Bonds uphold the promise of their issuer to return the face value of the security to the holder on
the agreed maturity date, while the issuer of stocks does not make such a promise.

• Treasury Bills – They are known to be the most risk-free investment because of being fully
backed up by the government. They are a means for the government to generate revenue from
the general public.

• Corporate Bonds - It is a type of debt that a firm issues to raise funds. The risk is based on
the financial stability and performance of the company issuing the bonds, because if the firm
goes bankrupt, it may be unable to repay the bond's value or provide any return on investment.

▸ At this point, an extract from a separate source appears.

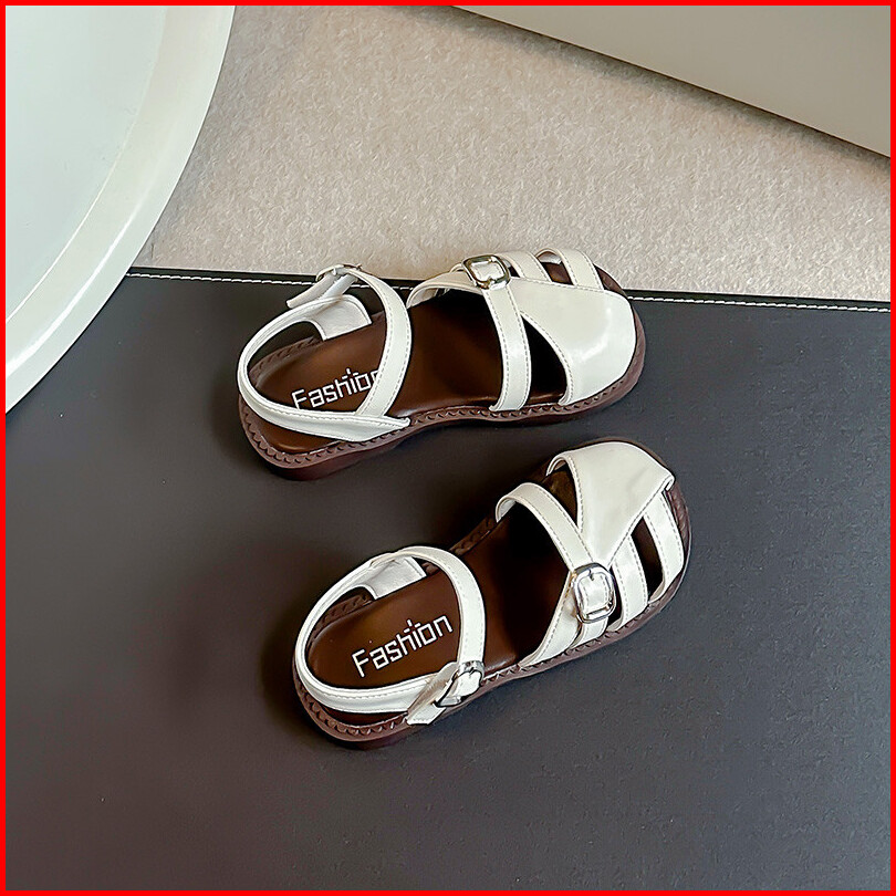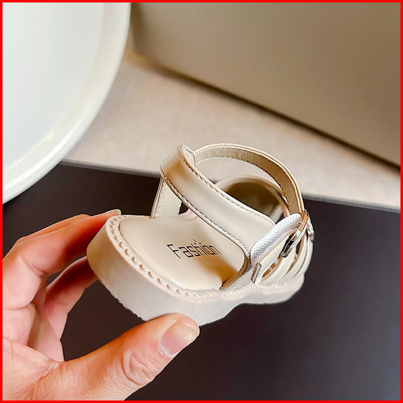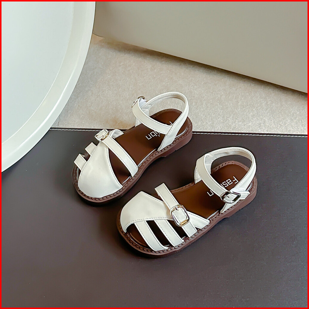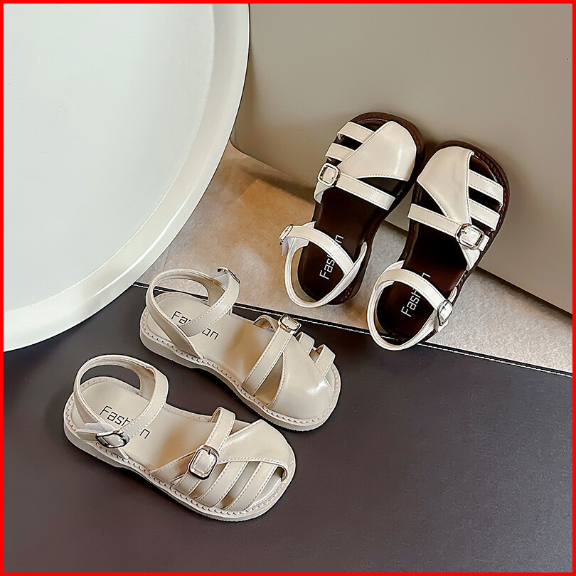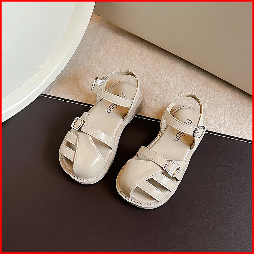 Sandal Kulit Bayi Perempuan Sederhana Bergaya Sepatu Anak Anti Tabrakan Sol Lembut Warna Polos Antik Ukuran 23-36

• Preferred Stocks - In the case of liquidation, preferred investors have a stronger claim on
assets and distributions than common stockholders, but less than bondholders.

• Common Stocks – It represents a company's equity ownership. The risk of owning common
stock is that any anticipated profit, as well as the money paid for the shares, could be lost if the
share price falls below the initial price.

Asset-backed securities are backed by assets such as loans, receivables, and leases,
whilst mortgage-backed securities are backed by mortgages. In ABS, the investor receives all
interest and principal payments, but he or she also undertakes all risk associated with the
underlying assets. Investing in MBS is only as safe as the mortgage loans that back it up.

As stated in the Efficient Market Hypothesis (EMH) stocks always sell at their fair market
value on exchanges, making it impossible for investors to buy low stocks or sell for inflated
prices. Once new information enters the market, it is immediately deliberated in stock prices.
Therefore, technical analysis and fundamental research can't assist an investor to outperform a
portfolio of randomly chosen stocks.